Someone (not truly) Special


Ditulis dengan sedikit rasa geli. Tulisan ini dibuat persis seperti ketergantungantungan hidupku dengan Polysilane, harus selalu dibawa kemana-mana supaya kalau tiba-tiba kumat aku sudah sedia. Tulisan ini dibuat benar-benar untuk dibaca berulang kali, saat mungkin aku lagi kesal, saat mungkin aku lagi kecewa, atau mungkin terjadi sesuatu yang aku tidak inginkan. Supaya aku tidak lupa, dia tetap orang baik. 

***

“Kamu bilangnya sayang, tapi nggak pernah bilang sayang”

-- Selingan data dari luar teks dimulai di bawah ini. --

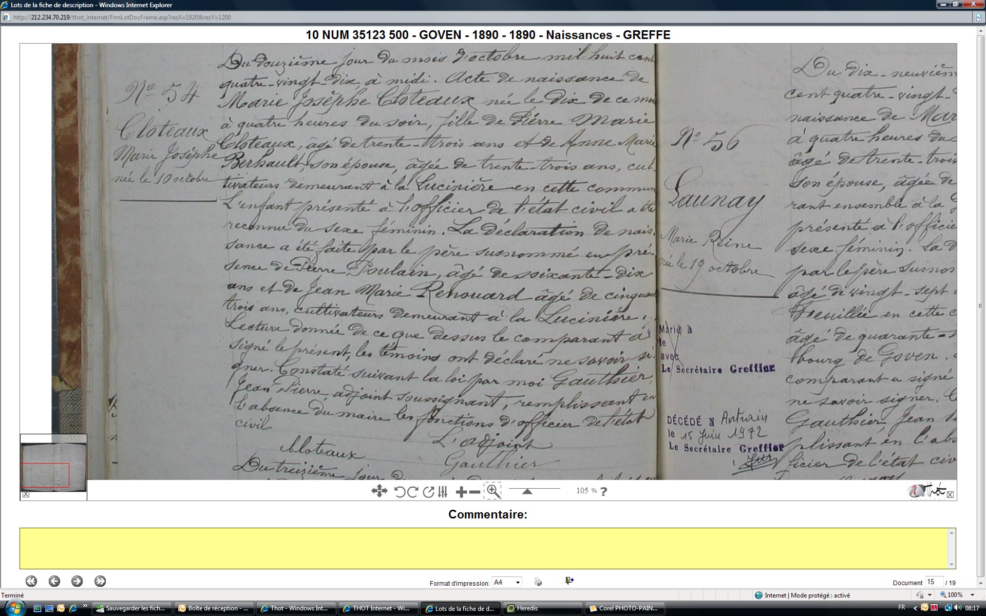Père : CLOTEAUX Pierre Marie Joseph ( 1857 - 1892 )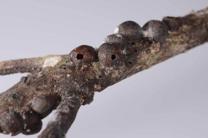 Many scale insects can survive on olives. In Florida, black scale (Saissetia oleae, Figure 11) has been identified from several olive groves. Black scale is also a pest of citrus in Florida, so if you have olives planted near citrus orchards you should be vigilant in monitoring for these pests. As mentioned above, ants can be an indicator of a scale infestation, as can sooty mold (mentioned below). Not all scale infestations require management, but they should be monitored for the presence of parasites. Parasites will leave a distinctive hole in the shell of the scales, as seen in Figure 12.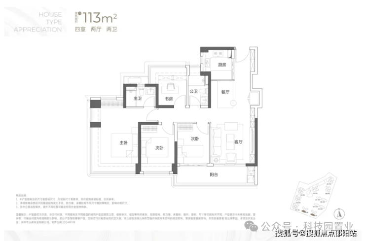 建面约113㎡4房2卫
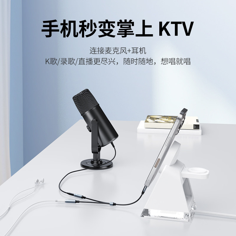 达而稳 电脑转耳机麦克风一分二转接头3.5mm音频线台式机主机二合一转换器手机耳麦话筒二转一延长1分2线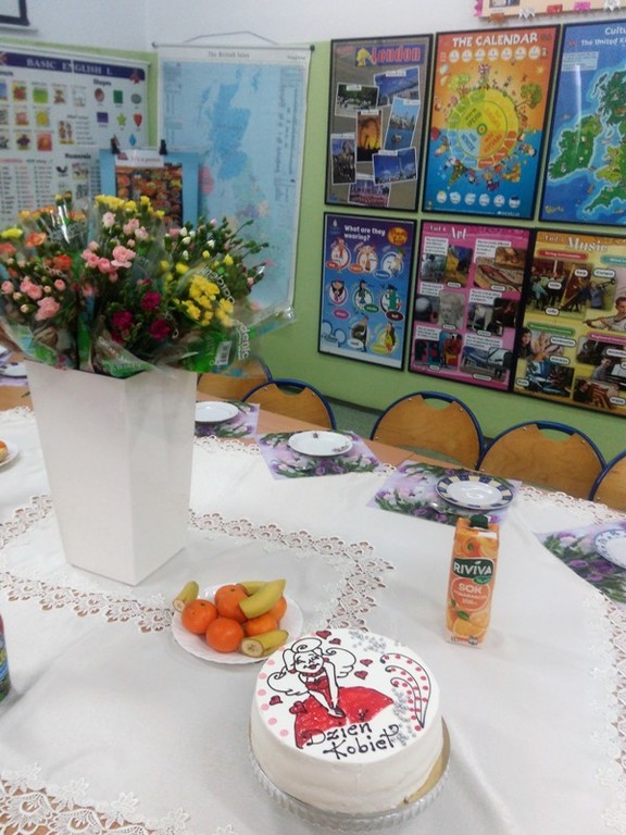 W pozostałych klasach Święto Kobiet miało równie uroczysty charakter. Chłopcy nie zapomnieli o swoich koleżankach. Były więc życzenia, kwiaty, upominki, poczęstunek. Nie zapomnieli także o wszystkich Paniach pracujących w naszej szkole.
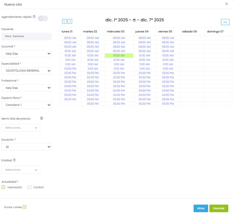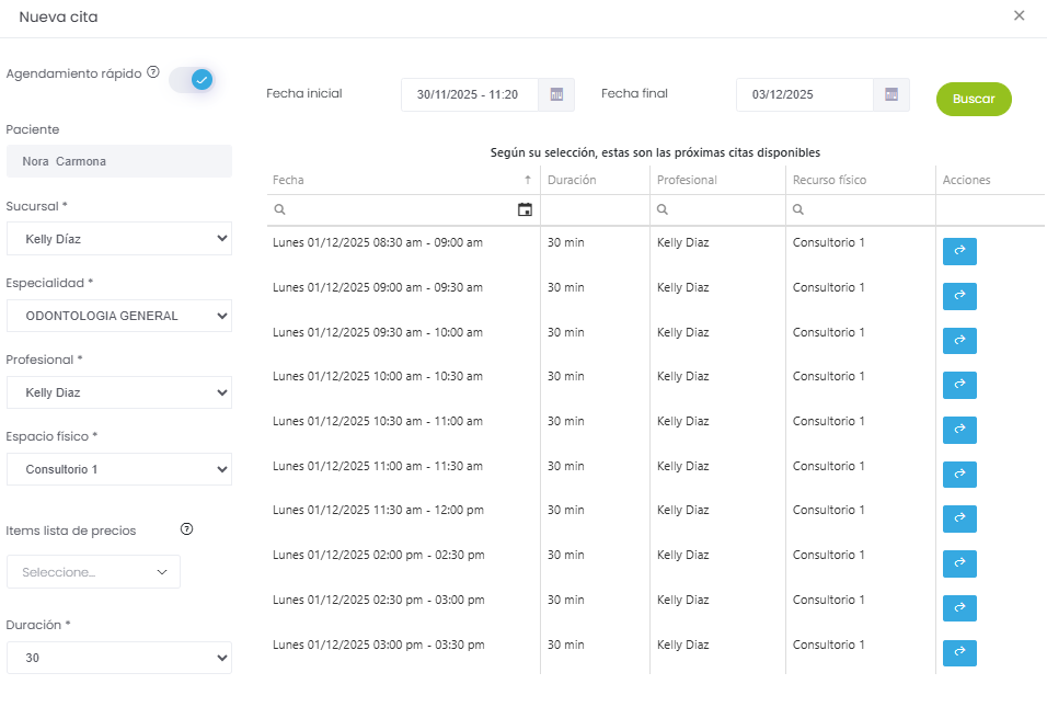"Agendamiento Rápido" Al activar esta opción podrá obtener las 10 citas más cercanas para agendar al paciente, filtrando por el rango de fecha que necesita, fecha inicial y fecha final, completa las opciones del lado izquierdo con * y da clic en buscar, donde le trae la información de esas 10 citas y al seleccionar el espacio, agenda la cita del botón azul del lado derecho en la columna "Acciones"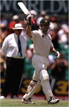 Slater slaughteringThen Slater took over. But in a manner very different from what he is normally accustomed to. Rather than go all out and attack the bowling in his usual uninhibited style, he played an innings of rare composure.David Pillinger/ALLSPORT |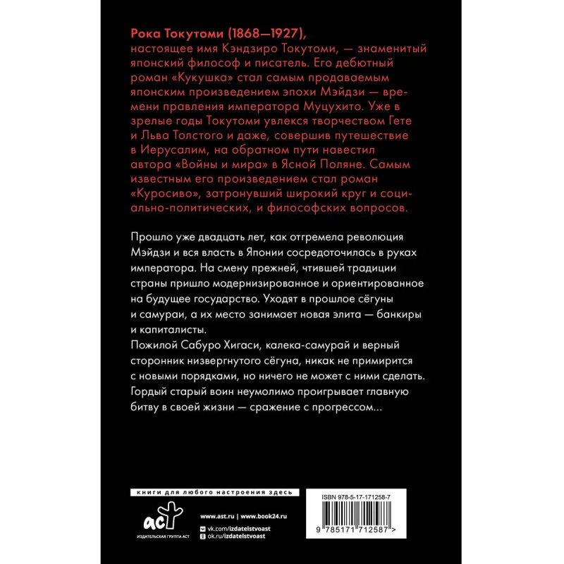 — Классика японской прозы. — От автора бестселлера «Кукушка» — самой продаваемой книги в период Мэйдзи. — Токутоми Рока — один из самых выдающихся японских новеллистов первой половины XX века. — Пронзительная история о крахе старых времен и неумолимом продвижении прогресса. — В переводе с японского Ирины Львовой.

Aku baru tau kalau ternyata mengucapkan sayang sesulit itu. Ada harapan yang lebih dalam tersimpan setelah kata itu tersampaikan. Bukannya tidak sayang, tapi biarlah masih sebagian dari diriku yang mengakuinya.

Dia sudah beberapa kali aku tuliskan. Dia sudah beberapa kali aku keluhkan. Berhenti, kembali lagi, berhenti, kembali lagi. Belum pernah rasanya aku menjadi orang selabil itu. Tapi dari dia aku belajar tentang ekspektasi dengan raga lain. Terima kasih, karena pada saat waktunya tiba aku sudah bisa mengelola ekspektasi ini. Dan waktu yang dia kasih sejauh ini terasa tepat.

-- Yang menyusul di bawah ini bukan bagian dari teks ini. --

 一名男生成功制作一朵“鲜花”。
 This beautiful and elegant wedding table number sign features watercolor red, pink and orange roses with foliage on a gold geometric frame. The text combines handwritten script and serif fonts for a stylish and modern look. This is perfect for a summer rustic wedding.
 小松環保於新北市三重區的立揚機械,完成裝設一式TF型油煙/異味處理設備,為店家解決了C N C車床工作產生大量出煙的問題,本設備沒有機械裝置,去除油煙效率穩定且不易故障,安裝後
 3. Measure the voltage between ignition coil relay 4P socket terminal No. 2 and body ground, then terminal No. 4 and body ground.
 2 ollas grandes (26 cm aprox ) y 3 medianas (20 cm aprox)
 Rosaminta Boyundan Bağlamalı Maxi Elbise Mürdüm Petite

Aku yakin ini terlalu cepat untuk dideskripsikan, tapi aku sengaja ingin menuliskan saja karena aku tidak tahu apa yang akan terjadi di depan sana. Kita berjanji untuk membuat cerita bersama, tapi kita sama sama tidak bisa memperkirakan cerita apa yang akan kita buat. Kalau kata para sahabat, “jalani aja”.

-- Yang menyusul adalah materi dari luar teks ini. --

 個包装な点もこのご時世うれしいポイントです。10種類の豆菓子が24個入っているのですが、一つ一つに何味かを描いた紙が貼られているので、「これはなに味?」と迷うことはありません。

Untuk orang yang bukan mama, papa, dan adik-adik tapi aku dengan tidak ragu menyebutnya dalam doa, terima kasih ya sudah menyebutku prioritas walaupun aku tau aku masih kalah dengan game onlinemu itu. Tidak, aku tidak marah. Aku tidak mau laranganku menyebabkan aku bukan tempat untuk melepas penat, tapi malah sarang kepenatan. Tapi lihat, aku akan mengalahkan dia (re: game onlinemu).

Untuk orang yang tau bagaimana gengsinya aku, terima kasih untuk tidak pernah memaksa aku untuk membalas, tidak memaksa aku cerita sampai aku siap, dan punya cara terbaik untuk mendengarkanku marah-marah. Walaupun kadang aku tau aku ditinggal tidur padahal aku sudah semangat untuk bikin pekak telinganya. Aku suka sekali kalau dia bilang, “nggak usah cerita kalo belum siap”. Karena tiga tahun mengenal kebusukannya, aku tau kapan dia bohong dan tidak.

Untuk orang yang mengajakku mendoakan ini bersama-sama, semoga Tuhan memberikan yang terbaik dan yang terbaik itu adalah apa yang kita inginkan. Semoga sejauh apapun kita pergi, kita selalu merasakan tempat pulang terbaik adalah kita. Semoga sebanyak apapun orang yang kita temui, kita selalu merasakan bahwa kita itu sudah cukup. Semoga disetiap kehidupan yang kita perjuangkan, ada kita dalam cita-cita yang harus dicapai.

Aku tidak tau pelajaran apa yang akan kita pelajari bersama sama nanti. Tapi sama seperti harapan kita di pergantian tahun kemarin, “semoga kita bisa bareng bareng terus”. Tetap marah-marah jika tidak suka, tetap banyak bicara jika kesal, tetap berani menangis jika sedih, tetap tertawa terbahak-bahak jika bahagia. Karena jika itu berubah, itu bukan kita. Itu adalah ujung kita. Jangan ya.

Jarak adalah penyebab kebutuhan kita tidak bisa terpenuhi seutuhnya. Kita tidak lagi dapat menghabiskan waktu bersama setelah makan malam sambil antri pisang keju atau makan mc flurry di pinggiran mall. Ya semoga saja ketika jarak sudah hilang, kita tidak akan meminta Tuhan memberi kita jarak dalam bentuk apapun.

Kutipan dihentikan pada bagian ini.